A traditional Norwegian cowshed. Notice how clean the cows are. The location is Hadeland, Norway. | Leif Ørnelund - Oslo Museum - digitaltmuseum.no - CC BY-SA.

The old Norwegian farm | Moving into the barn during summer

A peculiar custom

Every summer in the early 1900s, when spending the summer months with his grandparents, a young Norwegian boy experienced a peculiar custom: his grandparents moved out of the regular family home – and into the cowshed.

The grandparents lived on a smallholding, in Norway’s forest-rich and south-eastern region of Østerdalen.

As soon as they had sent the farm animals off to the summer dairy farm in the mountains – setra, the grandparents scrubbed the animal sheds from top to bottom – and white-chalked the ceiling and the upper sections of the walls.

When the barn was as clean as it possibly could be, it was time to fill the empty stalls and pens with beds and a long wooden table with chairs and benches – all brought out from the main house.

This cowshed had a fireplace

In this particular cowshed, there was also a fireplace where they prepared the food.
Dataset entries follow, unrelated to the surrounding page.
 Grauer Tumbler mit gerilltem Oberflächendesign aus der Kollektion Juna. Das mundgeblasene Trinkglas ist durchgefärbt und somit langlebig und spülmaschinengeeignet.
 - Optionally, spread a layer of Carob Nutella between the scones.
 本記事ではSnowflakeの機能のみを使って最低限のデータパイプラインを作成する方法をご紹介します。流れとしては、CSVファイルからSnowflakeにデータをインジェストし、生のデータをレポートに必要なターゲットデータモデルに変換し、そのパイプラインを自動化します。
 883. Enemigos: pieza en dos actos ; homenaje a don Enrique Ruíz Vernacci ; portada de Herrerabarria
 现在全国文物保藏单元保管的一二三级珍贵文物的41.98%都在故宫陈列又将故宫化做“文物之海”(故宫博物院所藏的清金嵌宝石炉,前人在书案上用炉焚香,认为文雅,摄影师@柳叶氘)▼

If they ever received guests during the summer, they welcomed them into the main house – but prepared the coffee in the shed.

After having established their seasonal abode in the cowshed, the boy’s grandparents also cleaned the main house from top to bottom; making it ready for late summer, when the livestock returned, and when the boy had to go back to his parents and to school.
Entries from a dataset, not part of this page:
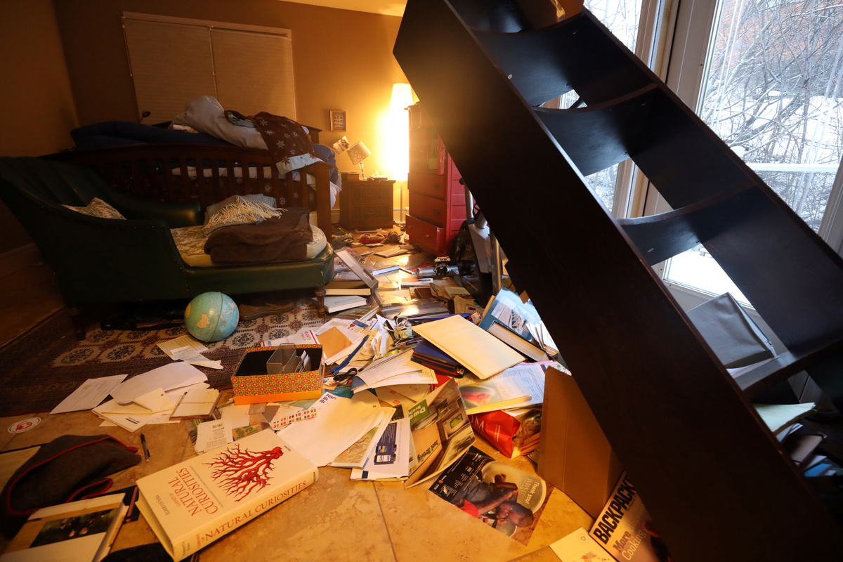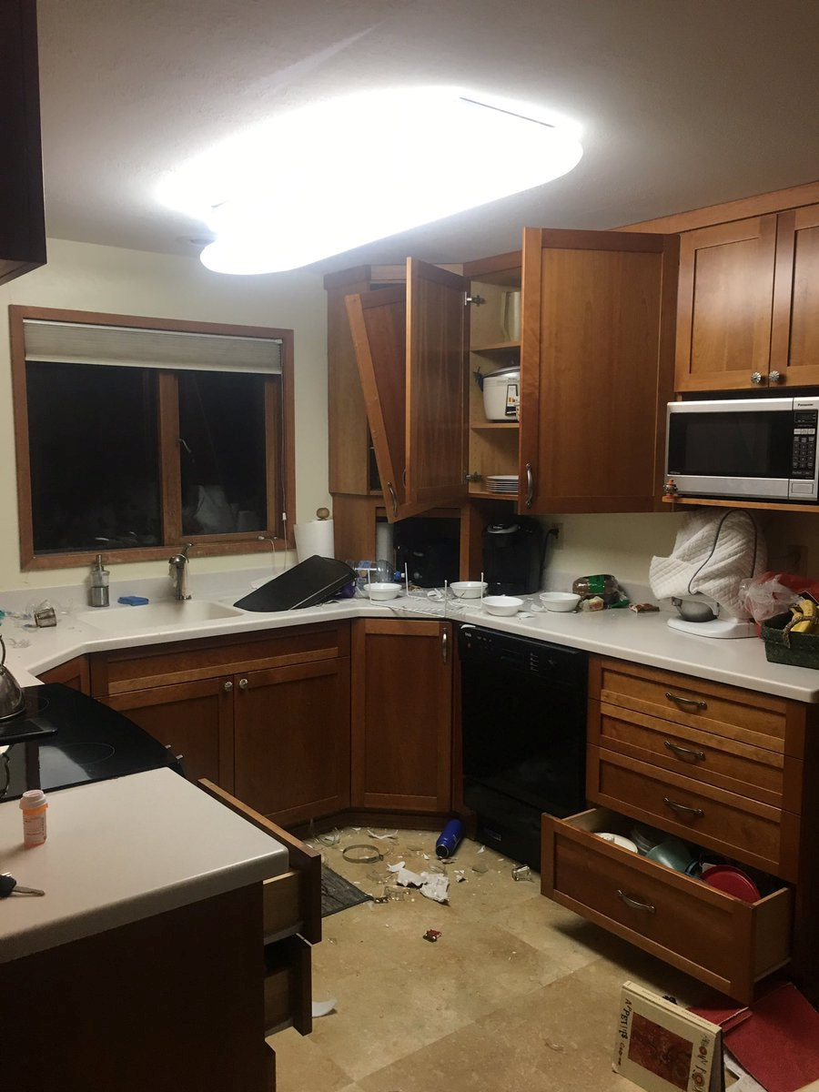 "Thought the house was going to come apart," Anchorage-based climatologist Brian Brettschneider wrote on Twitter, posting a photo showing his kitchen floor scattered with items that had tumbled out of cupboards.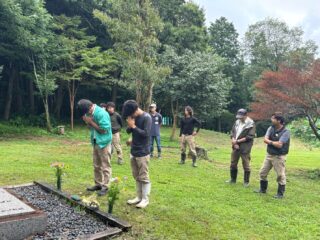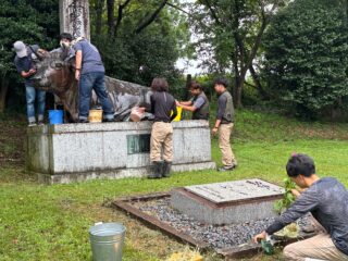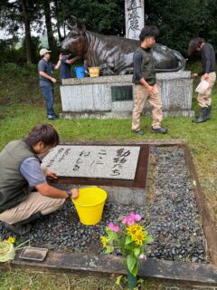 お盆なので、牧場の皆で慰霊碑を磨き上げる。
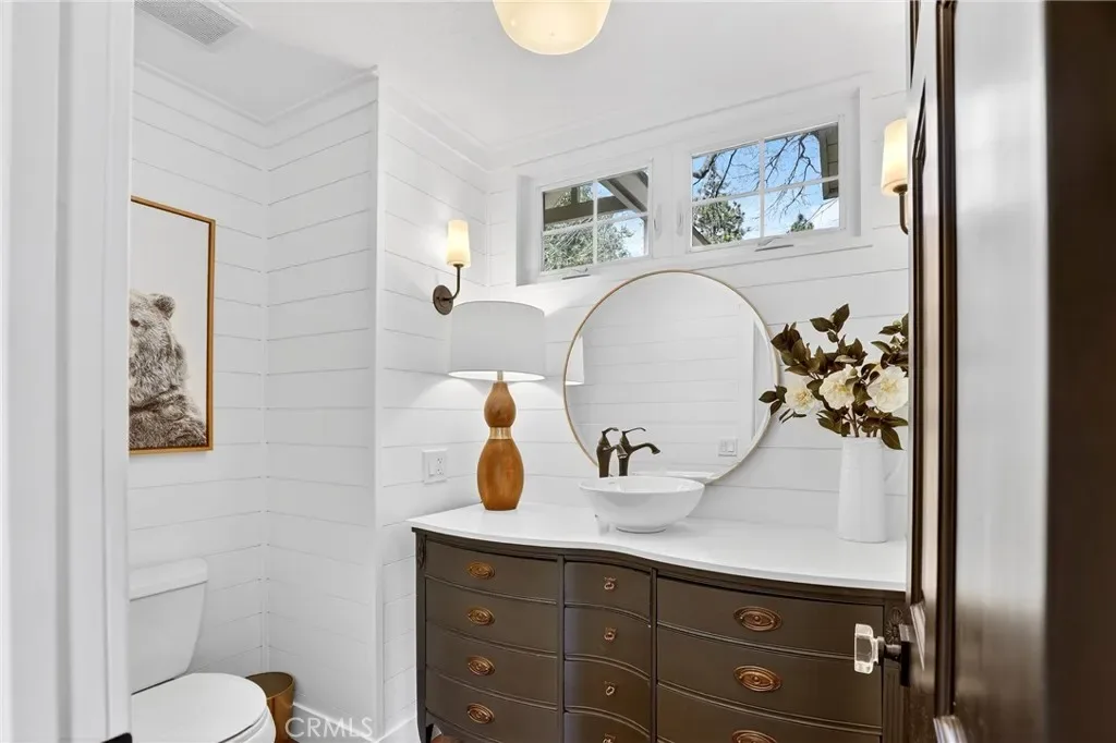 Custom craftsmanship shines throughout, with both fireplace mantels, the kitchen island, and a downstairs steel and walnut vanity all designed to complement the home’s refined style.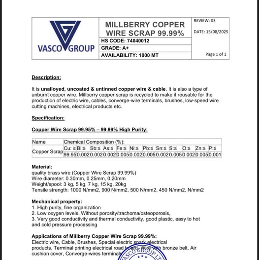 Product: Copper wire scrap
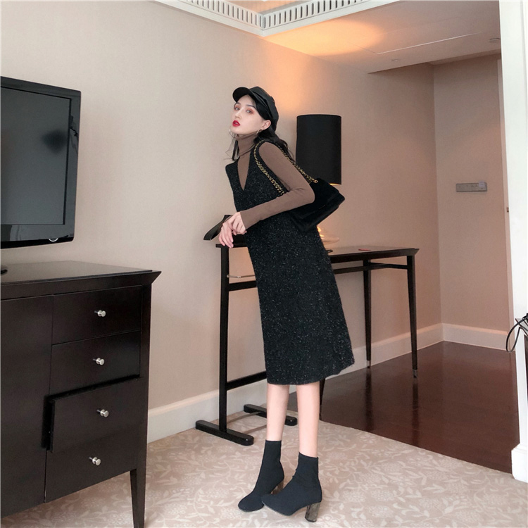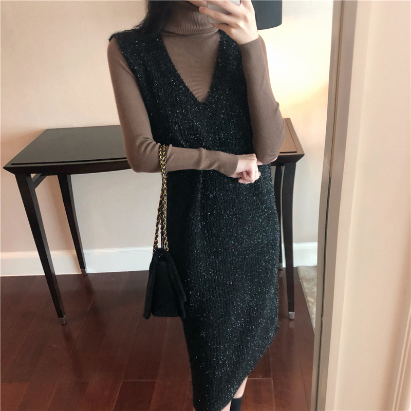 / 港味新款女裝時尚寬松亮閃針織長裙加厚高領毛衣時髦套裝兩件套潮

Throughout summer, the boy ran high and low, all barefoot and happy; and no doubt helped his grandparents with the haymaking and other chores.
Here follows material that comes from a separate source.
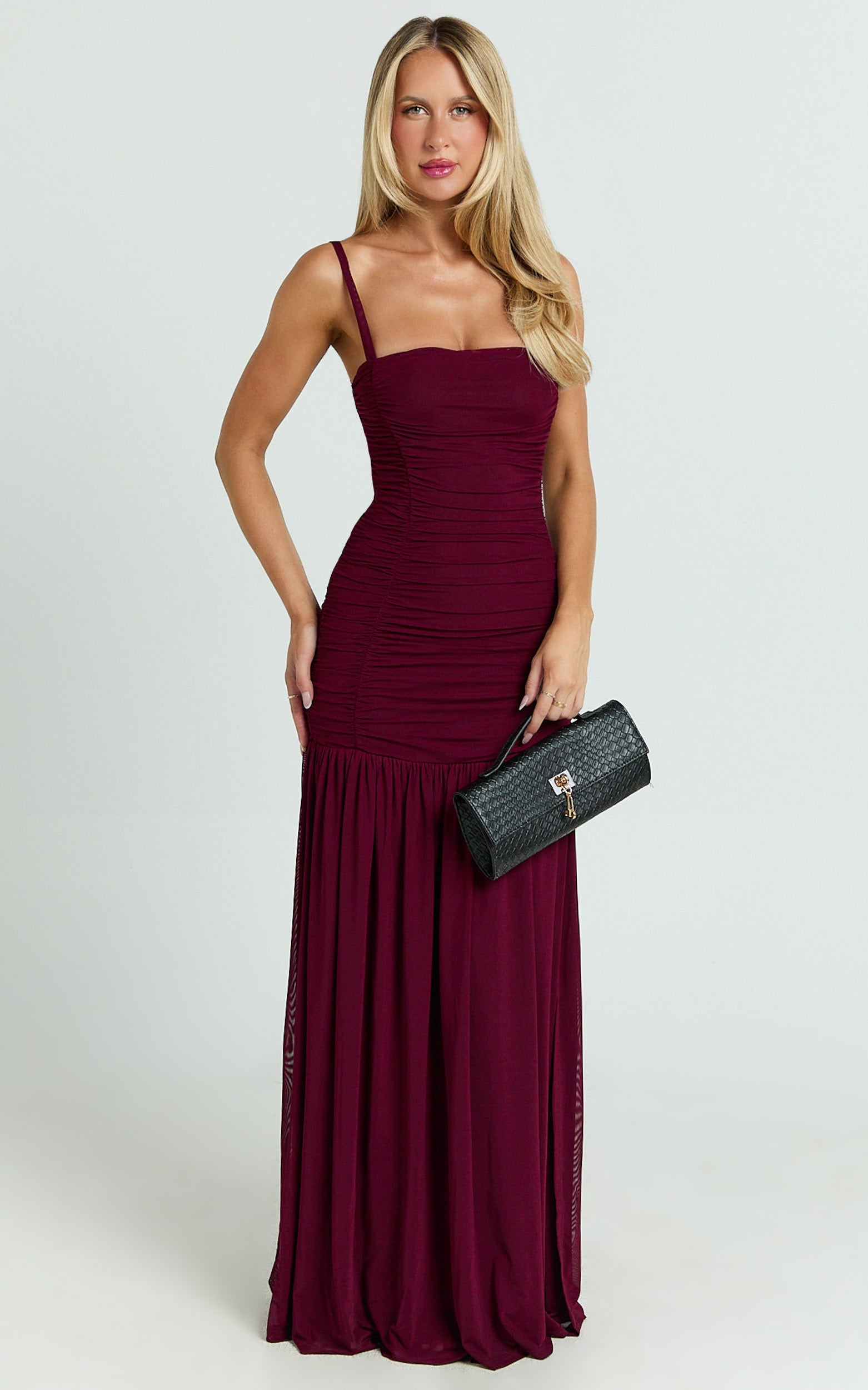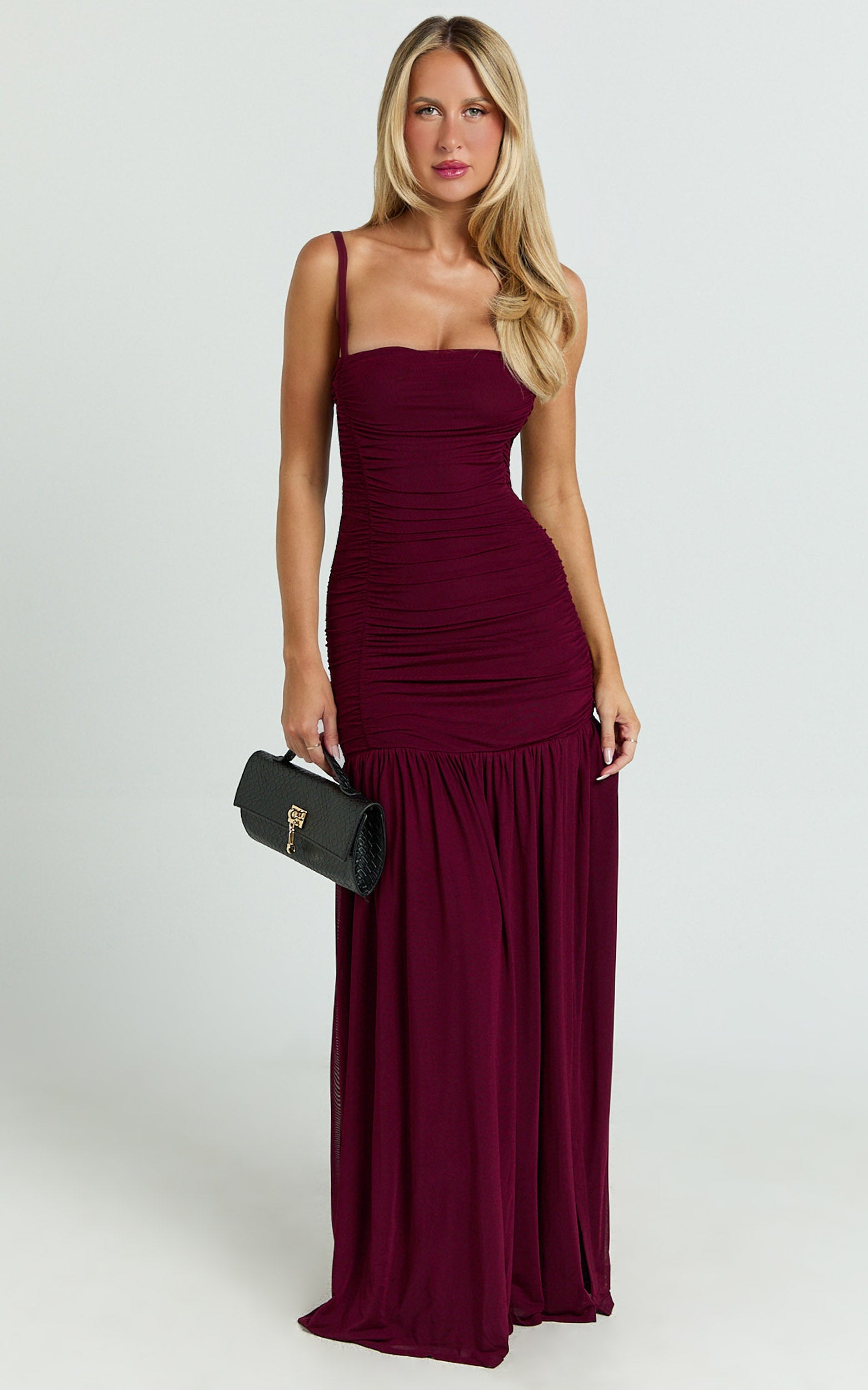 The Cardi Maxi Dress - Ruched Mesh High Leg Split Dress In Wine nails the Dresses brief with a polished yet playful vibe that’s so now. Style it with minimalist heels and a delicate clutch for a refined finish. On-trend details meet fashion-forward appeal with artisanal ruching and a limited edition feel, made for RSVPs, red lips, and late nights.

When reminiscing about his childhood as a grown man, the boy was quite particular about the reason for his grandparents’ behaviour: it was like going on holiday, a celebration of summer.

A custom stretching back to the Middle Ages

The Scandinavian custom of moving out of the main house during the summer months has its roots in the Middle Ages – or possibly beyond. Most people moved out into what the Norwegians call bryggerhus or sommerstue – the washhouse or cookhouse, or the summerhouse or summercottage.

Norwegian culture still carries remnants of this old way of life. Many modern-day Norwegians have cottages by the sea, or in the mountains and forests – a hytte.

Today, over 80% of the Norwegians live in towns and cities, but a sense of the old Norway still lingers in people’s minds, fuelled by childhood memories – and stories told to them by parents and grandparents.